This script provides you with useful information to help troubleshoot traffic related issues such as DDOS attacks, traffic spikes, brute forces, xmlrpc attacks, fake spider/bot attacks etc.
It's designed to retrieve information as quickly as possible even in light of scenarios where there could be large log files and resource usage limits (server under heavy load).
This script has been tested to run with the following;
- Python 2.6/2.7
- Ubuntu, Centos/Red Hat.
- Apache and Nginx
For quick basic usage with default options you can run;
curl -s https://raw.githubusercontent.com/tahz7/traffic_analyser/master/traffic_analyser.py | python
For more options please check the wiki section here
The script detects if you're using apache or nginx and also automatically finds the access logs opened by them. Below are other features separated into five option groups which you can run in conjunction with each other;
Time Range
- Check last X minutes, hour(s) or Day(s). You can also specify two dates to search in between.
- To help you identify patterns/spikes, the data lists overall hits (between the date range you specify), the hourly hits and 10 minute interval hits. It shows the same per ip/request.
Data
All IP’s that are listed show their Country, city, ISP and their hostname. There is also the option to disable geo information.
- Get the top X ip’s with their top X requests
- Get the top X requests with their top X ip’s.
- Specify X number of IP’s in command line and get their top X requests
- Specify X number of requests in command line and get their top X ip’s making requests. (for example you can check ip’s that are hitting the request string ‘xmlrpc.php’ to see if there's an attack).
For any of the options above you can filter by 'POST' or 'GET' requests. The script will also tell you how many unique requests/ip hits an IP or a request is making.
Logs
- Check all the logs that are opened to by Apache/nginx.
- Check only the logs in a specific directory (useful if you want to check old archived logs that you can unzip into a directory and check).
- List all the logs that are opened by apache/nginx and then you can choose from that list which logs you want the script to check (useful for checking logs per domain).
- From the command line, list the file name of the log file(s) you want the script to check only.
Search Method
It's important to be able to retrieve the data as quickly as possible, particularly in scenarios where log files are large and the server's under heavy load.

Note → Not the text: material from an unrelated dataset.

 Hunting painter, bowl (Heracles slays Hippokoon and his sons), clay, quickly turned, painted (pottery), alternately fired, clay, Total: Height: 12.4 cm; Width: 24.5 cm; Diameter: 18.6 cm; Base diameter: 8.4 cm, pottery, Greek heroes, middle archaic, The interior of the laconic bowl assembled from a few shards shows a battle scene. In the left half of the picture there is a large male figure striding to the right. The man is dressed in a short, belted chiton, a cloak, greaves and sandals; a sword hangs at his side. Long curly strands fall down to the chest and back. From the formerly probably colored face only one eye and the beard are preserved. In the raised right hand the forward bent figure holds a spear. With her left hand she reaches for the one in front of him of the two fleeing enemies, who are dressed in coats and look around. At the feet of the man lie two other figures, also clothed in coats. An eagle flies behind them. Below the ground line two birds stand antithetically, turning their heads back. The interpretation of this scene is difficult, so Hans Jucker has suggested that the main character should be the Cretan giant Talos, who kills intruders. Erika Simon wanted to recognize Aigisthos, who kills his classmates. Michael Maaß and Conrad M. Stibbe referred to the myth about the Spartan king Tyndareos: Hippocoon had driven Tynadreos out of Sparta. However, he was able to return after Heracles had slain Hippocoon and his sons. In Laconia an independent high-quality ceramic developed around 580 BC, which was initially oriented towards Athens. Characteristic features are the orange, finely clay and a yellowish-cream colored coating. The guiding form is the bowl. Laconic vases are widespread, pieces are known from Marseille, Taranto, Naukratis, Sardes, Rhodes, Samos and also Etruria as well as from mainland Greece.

One of the key features of the script is that it has the ability to read a log file from the bottom up. This is particularly useful since in most use cases you want recent data which happens to be at the bottom half of the log file. This means regardless of how big the log file is, if you only want data from the past 30 minutes or the past day then you should get quick results rather than having to go through the whole log file from top to bottom to find the relevant data. As soon as the script detects the ‘end date range’ it closes the log file without reading the rest of the lines since it doesn’t need to. However, there are exceptions to this such as instances where the data you want is closer to the top half of the log file (potentially such as data from a week ago in a very large log file) in which case you have the following options;
- Check a log file from the top going down (once it hits the ‘end date range’ then it will close the log file).

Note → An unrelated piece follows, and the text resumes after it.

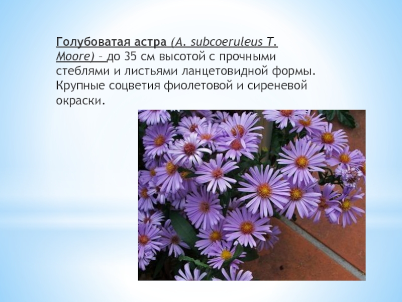 Слайд 32Голубоватая астра (A. subcoeruleus T. Moore) – до 35 см высотой с прочными

- There are extremely rare instances in which apache/nginx writes lines that are not in dated chronological order. This is usually minimal data but if you suspect this and the missing data discrepancy is important to your use case, then you also have the option to tell the script to read the whole log file, top to bottom without breaking off.
Miscellaneous
- There may be cases where you don't necassarily need the geo information per ip in which case you can disable this information for faster results.